いきなり呼びかけられて、闇の守護聖は物思いから醒めさせられた。

 見れば金の髪の少女が、まだ机の前に立っている。

「昨日から、ルヴァ様がどこにもいらっしゃらないんです。侍従さんに聞いてもはっきり答えてもらえないし……クラヴィス様はご存知ですか」

 闇の守護聖は、眉をしかめた。では、ルヴァはまだ姿を現していないのか。これでもし、ディアに何の連絡も入っていなければ、さすがに何かあったとしか考えられないが、さしあたって女王候補には、どう答えればいいものか。

「……知らぬな」

クラヴィスはただ一つ、偽りなく返せる言葉を口にした。

「そうですか……ありがとうございました」

食い下がる事もなくアンジェリークは礼を言ったが、まっすぐにこちらを見据えると、再度唇を開いた。

「もし何かわかったら、どうかそのまま、私たちに教えてください。どんな事でも、ちゃんと受け止めますから」

闇の守護聖は、驚いて少女を見た。あどけなさの残る容姿の奥に、計り知れない力強さが垣間見えたような気がした。

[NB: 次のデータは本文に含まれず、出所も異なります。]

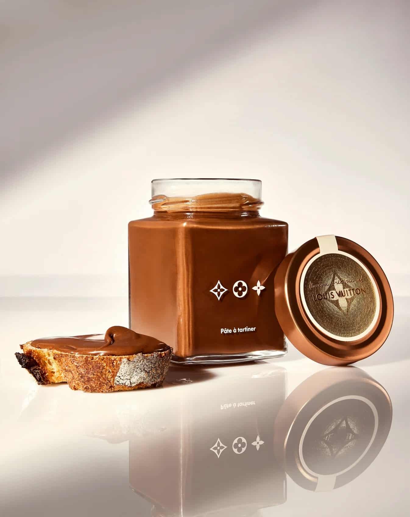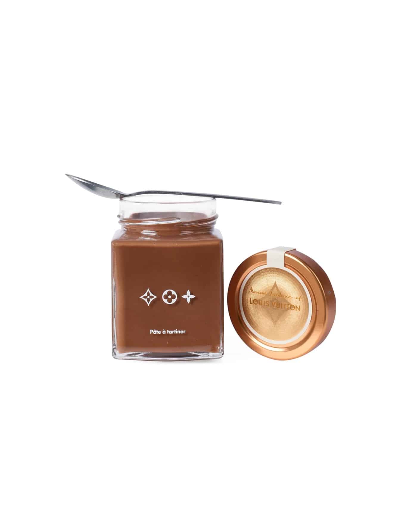 Na první pohled vypadá Louis Vuitton pomazánka jako rekvizita. Skleněná dóza s decentním brandingem, minimalistická etiketa, obsah v odstínu dokonalého kakaa. Ve skutečnosti jde o Pâte à Tartiner Choc au Lait, ultra-limitovaný čokoládovo-lískooříškový krém vytvořený ve spolupráci značky Louis Vuitton a jednoho z nejrespektovanějších francouzských cukrářů současnosti Maximem Frédéric. V podstatě se jedná o luxusní parodii na ikonickou Nutellu.
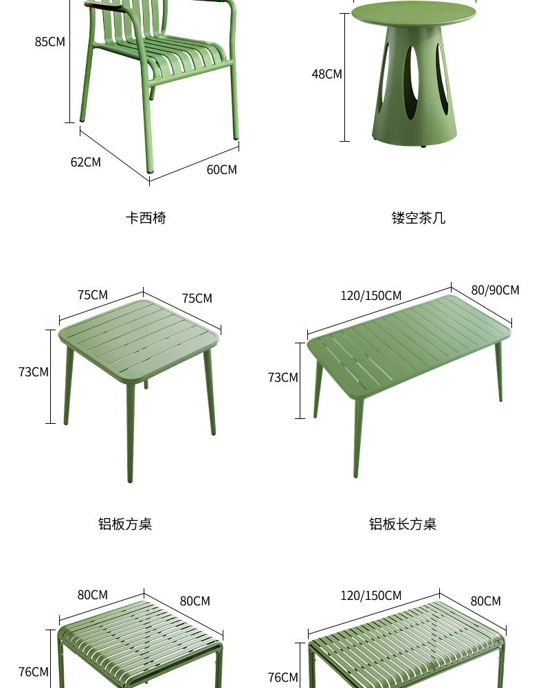 • 의자 6개 + 120*80cm 알루미늄 판 직사각형 테이블
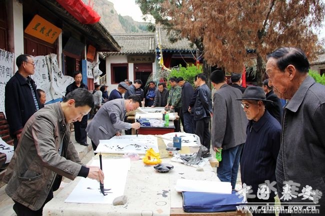 春暖花開,春光明媚,正值歡樂祥和的邢泉村廟會,近日,由秦安縣文聯(lián)主辦,秦安縣可泉書畫院承辦的書畫展暨春天筆會在書畫院舉行?h文聯(lián)、縣書協(xié)的負(fù)責(zé)人及可泉書畫院的會員代表,書法愛好者和群眾共100多人參加了開展儀式并參觀了書畫展,期間還進(jìn)行了春天筆會,現(xiàn)場為廣大群眾書寫贈送書法作品300多幅。

 だがアンジェリークはすぐ、見慣れた慌しい調子に戻り、ぺこっと頭を下げると、駆け足で執務室を出て行った。

(やれやれ……)

急に疲れを覚えて、クラヴィスは背もたれに半身を預けると、大きく息をついた。

 既に、女王の力が発現しかけているのか。

 宇宙を導く力。全ての生命を終焉から救う力──その終焉がもたらしたであろう、サクリアの膨張。

 同僚たちの裡で暴走し、感情や価値観を歪め、ついに地の守護聖の理性までをも侵し始めたのだろうか。そこまで増長したものに、立ち向かう術などあるのだろうか……



 机上の連絡灯が点り、闇の守護聖は物思いから醒めた。ボタンを押すと、落ち着いた女性の声が流れてくる。